Mongoose: Score query then sort by score - non text fields - mongodb

In my db, I have a collection of books.
Each have:
a count of upvotes
a count of downvotes
a count of views
I would like to sort my db by scoring as follows:
upvote: 8 points
downvote: -4 points
view: 1/2 point
So the score will be:
(NumberOfViews*(1/2)) + (NumberOfDownvotes*-4)+ (NumberOfUpvotes*8)
So if I have:
book1 = {name:'book1', views:3000,upvotes:340, downvotes:120}
book2 = {name:'book2', views:9000,upvotes:210, downvotes:620}
book3 = {name:'book3', views:7000,upvotes:6010, downvotes:2}
The score should be:
book1Score = 3740
book2Score = 3700
book3Score = 51572
And the query should output
book3,book1,book2
How can I achieve such a thing in mongoose?

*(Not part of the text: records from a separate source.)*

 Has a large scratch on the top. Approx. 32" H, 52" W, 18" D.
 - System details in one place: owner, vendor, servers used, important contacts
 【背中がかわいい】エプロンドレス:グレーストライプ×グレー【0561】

Bonus: What if I want records that are more recent to rank higher than older records on that same query?
Thanks

Well I ended up doing it all inside mongoose.

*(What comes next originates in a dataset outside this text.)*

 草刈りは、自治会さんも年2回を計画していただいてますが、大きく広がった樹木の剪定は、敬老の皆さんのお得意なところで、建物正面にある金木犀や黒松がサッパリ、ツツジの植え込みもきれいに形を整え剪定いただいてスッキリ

I run this query every 24 hours to re-score my collection.
Book.aggregate(
[
//I match my query
{$match:query},
{
$project: {
//take the id for reference
_id: 1,
//calculate the score of the views
viewScore: {
$multiply: [ "$views", 0.5 ]
},
//calculate the score of the upvotes
upvoteScore: {
$multiply: [ {$size: '$upvotes'}, 8 ]
},
//calculate the score of the downvotes
downvoteScore: {
$multiply: [ {$size: '$downvotes'}, -4 ]
}
}
},
{
//project a second time
$project: {
//take my id for reference
_id: 1,
//get my total score
score: {
$add:['$viewScore','$upvoteScore','$downvoteScore']
},
}
},
//sort by the score.
{$sort : {'score' : -1}},
]
)

I think the best way would be to query mongoose for the list of book then do the sorting yourself.
Something like:
// Get query results from mongoose then ...
books.sort((a,b) => {
return ((a.views*(1/2))+(a.downvotes*-4)+(a.upvotes*8))-((b.view*(1/2))+ b.downvotes*-4)+(b.upvotes*8))
});
This would sort the books in ascending order of highest points
EDIT: The above answer is for sorting after you've received the query. (And also just realized you want descending for above^ so just switch the placement to be b - a)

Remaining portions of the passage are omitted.